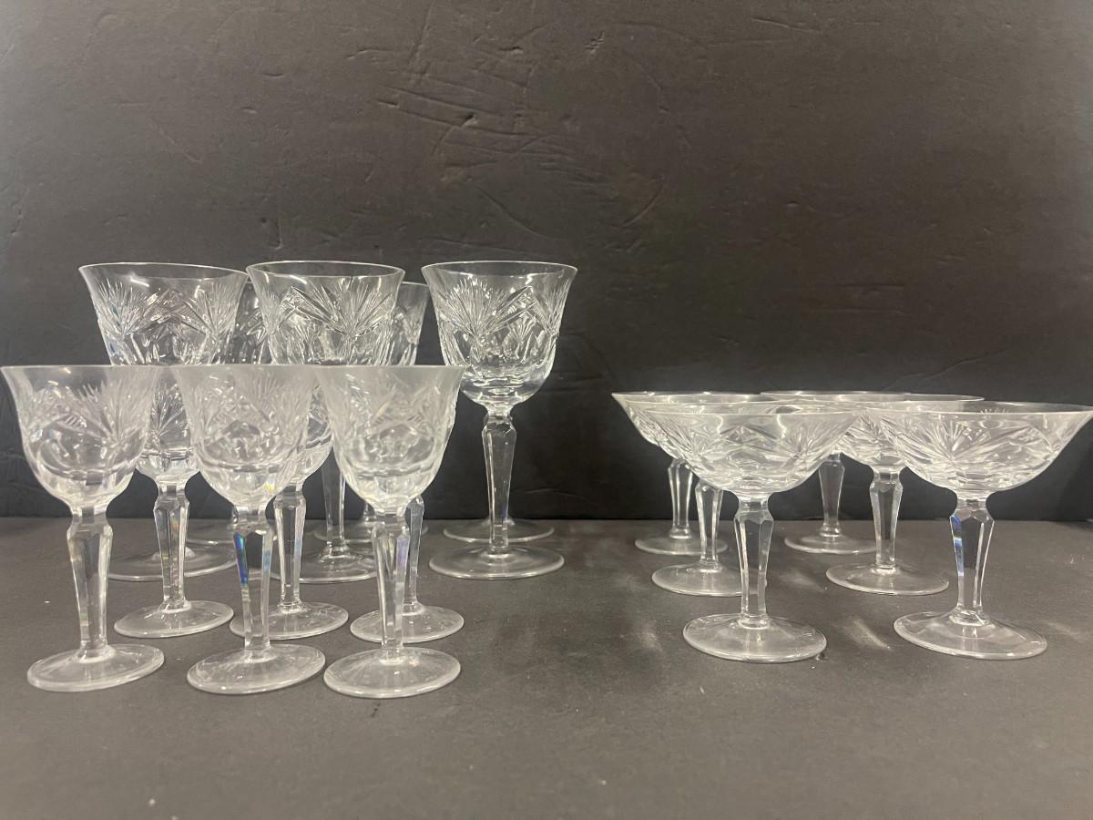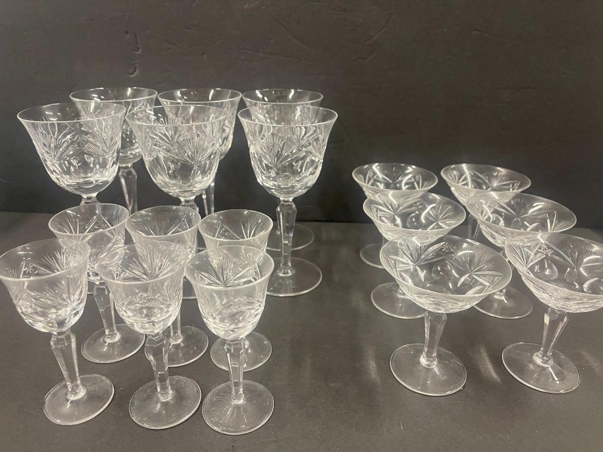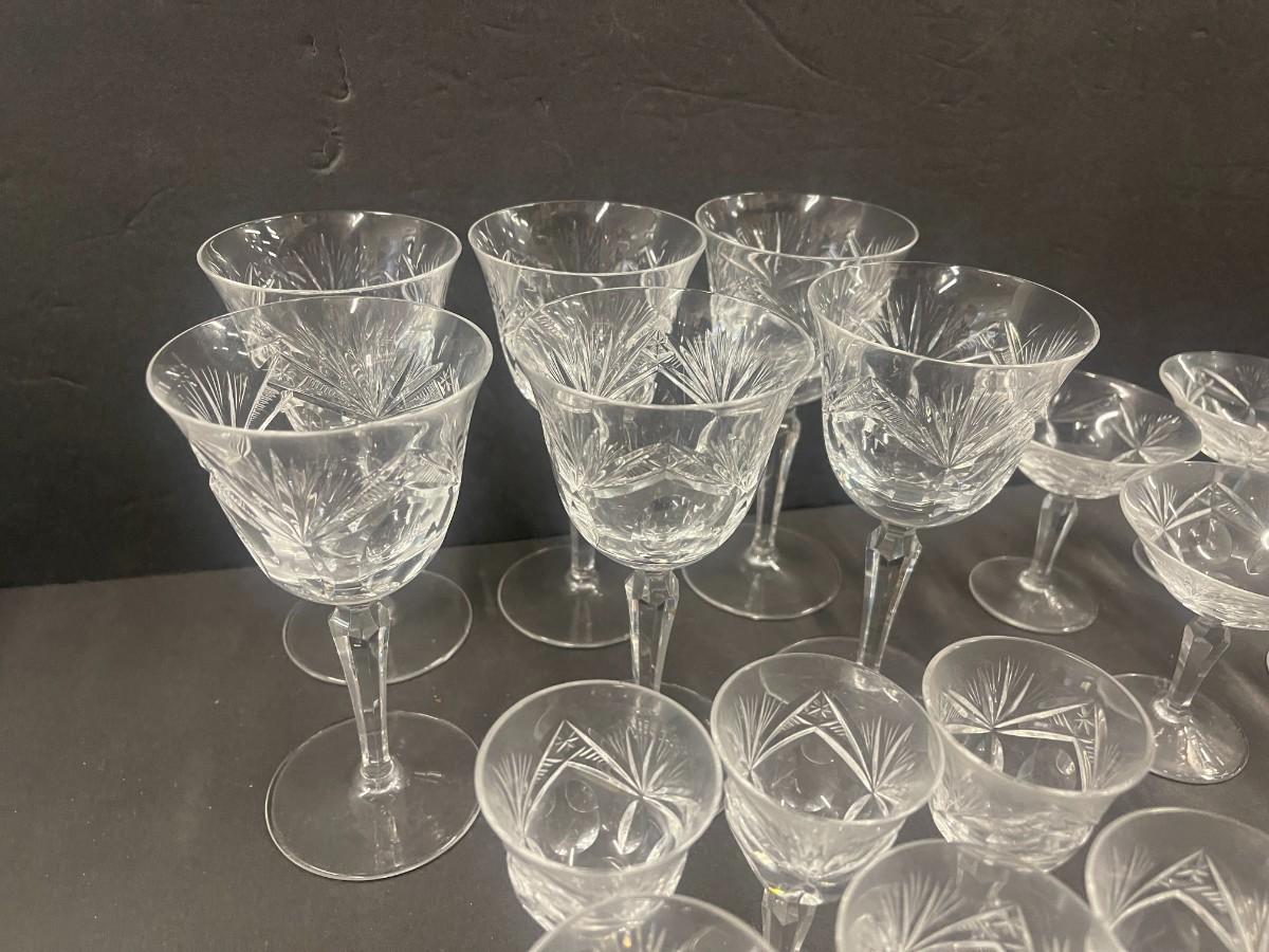 Lot of Nachtmann Andernach Clear Thumbprint Fans Stars Germany Stemware. Includes 6 wine glasses, 6 cordial glasses and 6 wide rim cocktail glasses. All excellent condition.
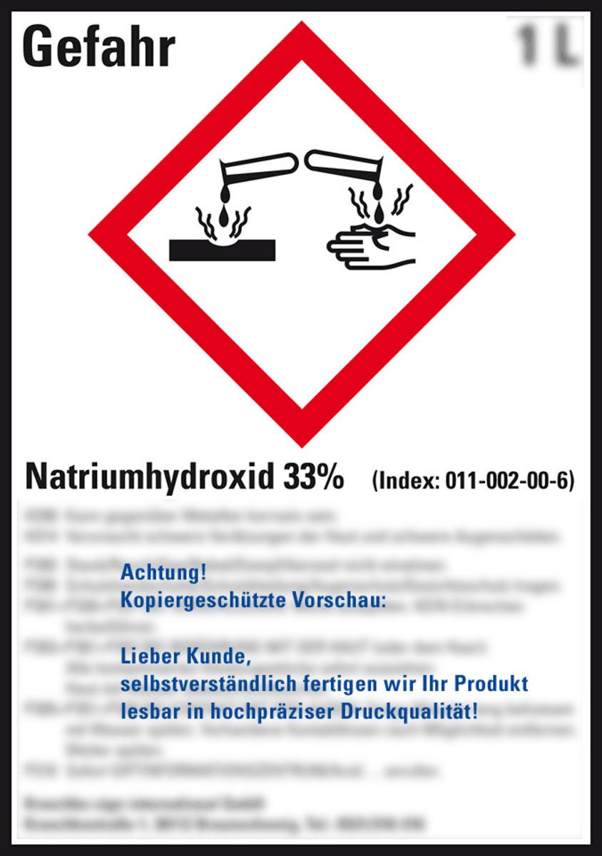 Auswahl: Gefahrstoffetikett Natriumhydroxid 33%, nach Wunsch, GefStoffV/GHS/CLP, 52x74mm, 10/Bogen
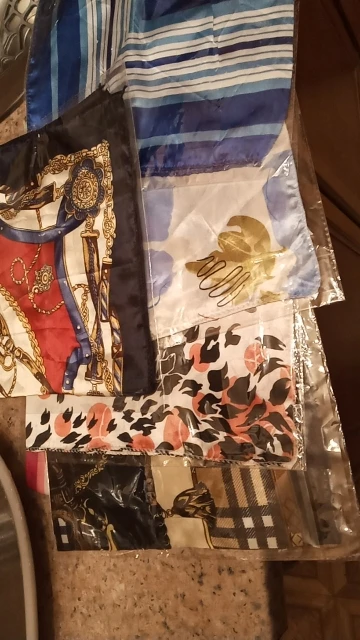 платочки шелковистые, смотрятся очень красиво. доставка быстрая. рекомендую.
* * *
### What is being asked
Exactly as written, return each line above and leave the pictures behind.

### Task answer
 Lot of Nachtmann Andernach Clear Thumbprint Fans Stars Germany Stemware. Includes 6 wine glasses, 6 cordial glasses and 6 wide rim cocktail glasses. All excellent condition.
 Auswahl: Gefahrstoffetikett Natriumhydroxid 33%, nach Wunsch, GefStoffV/GHS/CLP, 52x74mm, 10/Bogen
 платочки шелковистые, смотрятся очень красиво. доставка быстрая. рекомендую.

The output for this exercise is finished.